Yahoo! has reportedly suffered a huge user account security breach, with login credentials for in excess of 453,000 users having been released into the wild. Details of which of Yahoo!’s services has been hacked have not been released, though TrustedSec speculates that it is Yahoo Voice based on some of the subdomains included with the leaked list of 453,492 accounts.
The login details were released by a hack collective calling itself D33Ds Company, which claimed to have accessed the usernames and passwords with a union-based SQL injection, Ars Technica reports. Such an attack overloads a poorly-secured server with database commands; “By injecting powerful database commands into them, attackers can trick back-end servers into dumping huge amounts of sensitive information” Ars says.

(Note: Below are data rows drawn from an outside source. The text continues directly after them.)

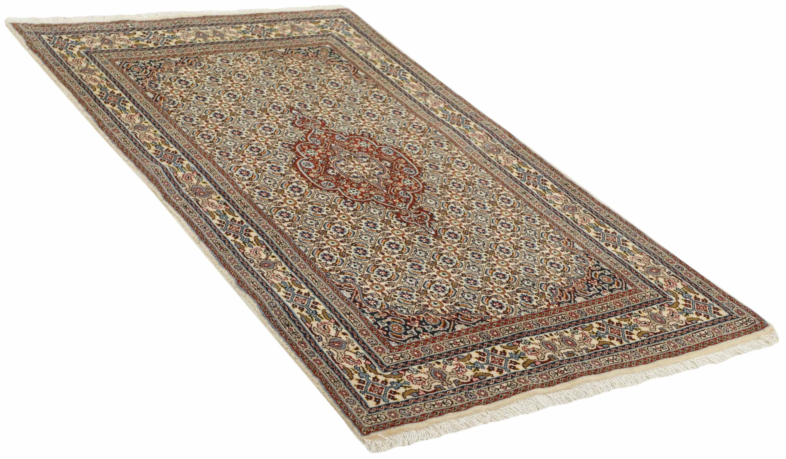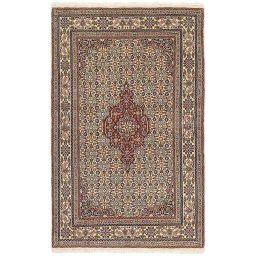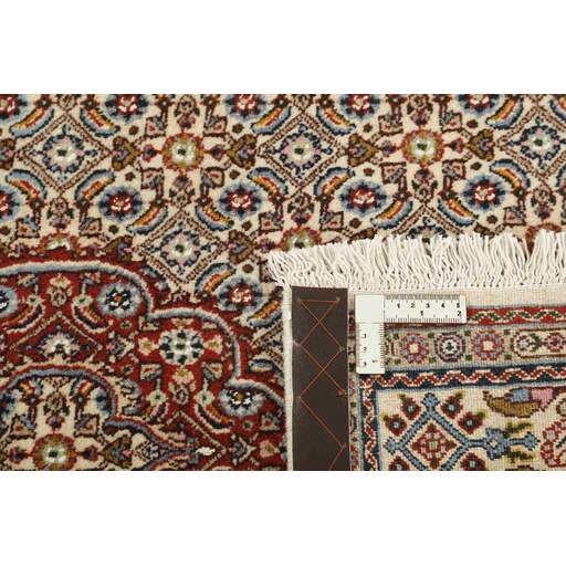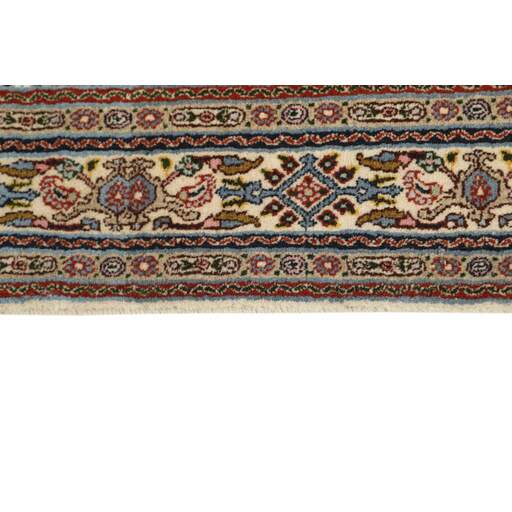 Moud is een klein stadje ten zuiden van Mashad, in de provincie Khorrasan. Tapijten uit dit gebied worden gekenmerkt door homogeniteit in patronen en kwaliteit. De schering en inslag zijn van katoen en de pool is van wol. De versieringen zijn een versie van de traditionele Perzische schildpadversiering. De tapijten worden in alle maten geproduceerd. Moud-tapijten worden vaak gekopieerd in India, vanwege hun opmerkelijke homogeniteit. De karakteristieke Moud-ontwerpen behoren tot de meest uniforme, gelijkmatig geknoopte en gemakkelijk herkenbare ontwerpen van de provincie Khorrasan. Moud Mahi worden gemaakt in een beige, lichtrode of blauwe tint, met all-over Mahi-patronen of met een stervormig medaillon. Mahi betekent vis en het Mahi-patroon is het meest gebruikte patroon in echte Perzische tapijten. Als je er goed naar kijkt, zie je een vijver omringd door vier vissen.
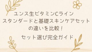 ユンスの生ビタミンCライン「スタンダードセット」と「基礎スキンケアセット」の違いを徹底比較!どっちを選べばいいか迷っている方に向けて、セット内容や使いやすさをやさしく解説します。
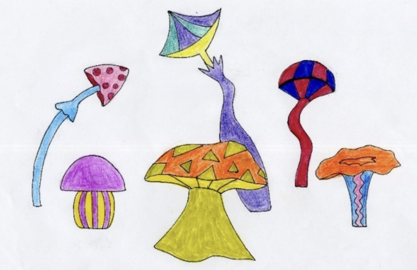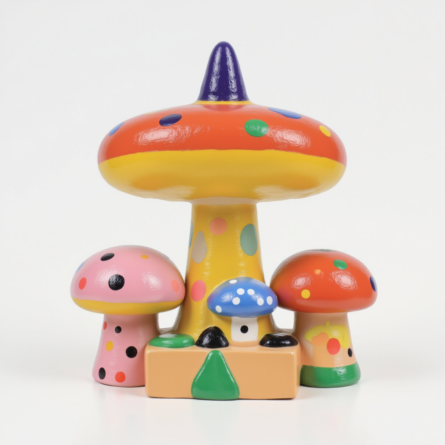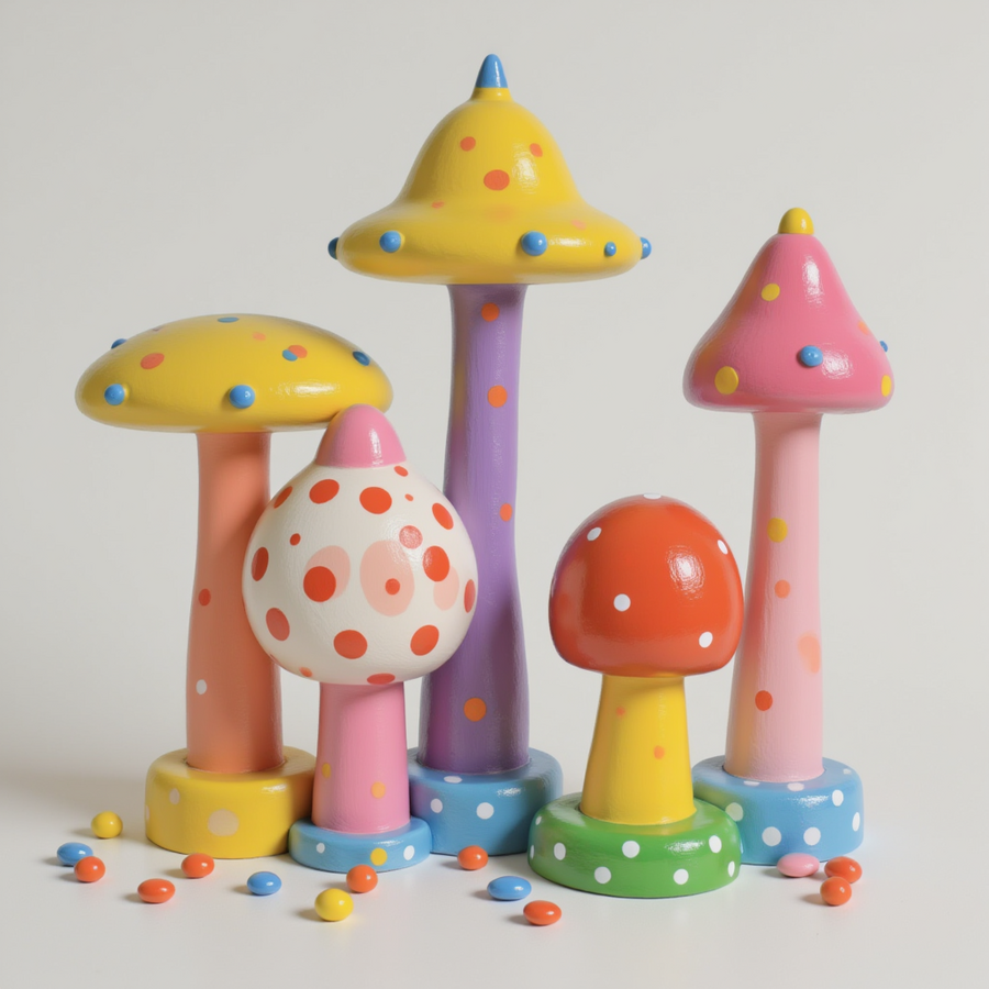 Промпт для генерации игрушек с помощью Krea ai: Souvenir mushroom toys, bright colorful, pink, yellow, orange, lime green, purple, red colors.
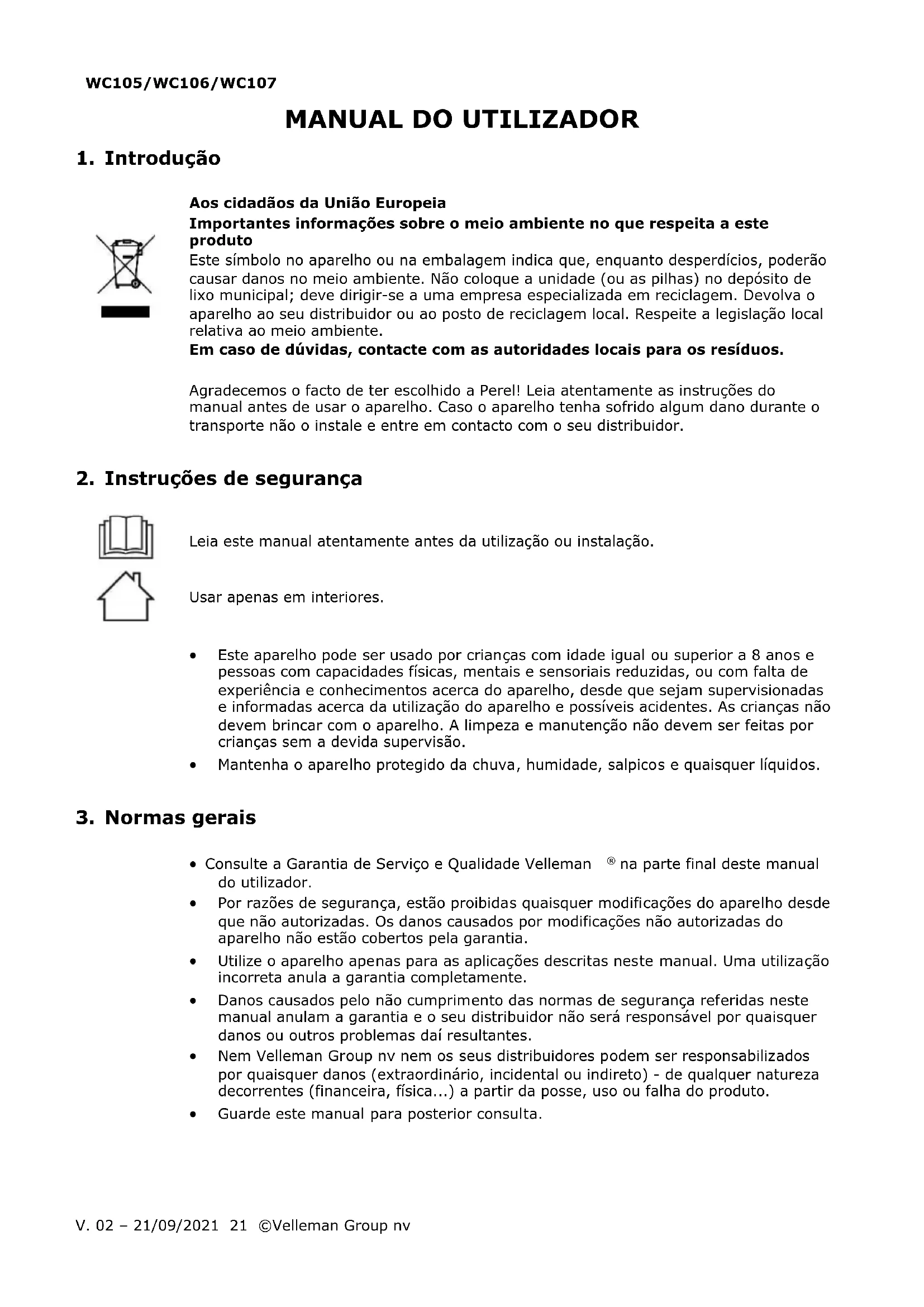 Utilize este aparelho apenas com acessórios originais. A Velleman Group nv não será responsável por quaisquer danos ou lesões causados pelo uso (indevido) do aparelho. Para mais informação sobre este produto e para aceder à versão mais recente deste manual do utilizador, visite a nossa página www.perel.eu. Podem alterar-se as especificações e o conteúdo deste manual sem aviso prévio.

However, D33Ds Company claims to have mitigated the potential damage of the leak by purposefully withholding more sensitive data. ”We hope that the parties responsible for managing the security of this subdomain will take this as a wake-up call, and not as a threat. There have been many security holes exploited in webservers belonging to Yahoo! Inc. that have caused far greater damage than our disclosure” the group wrote. “Please do not take them lightly. The subdomain and vulnerable parameters have not been posted to avoid further damage.”
Yahoo! is yet to comment on the breach, though it’s not the first embarrassing security gaffe at the company. Back in March, the company’s new Axis browser for iOS, PC and Mac was identified as having a potential loophole through which malware could install in the user’s browser.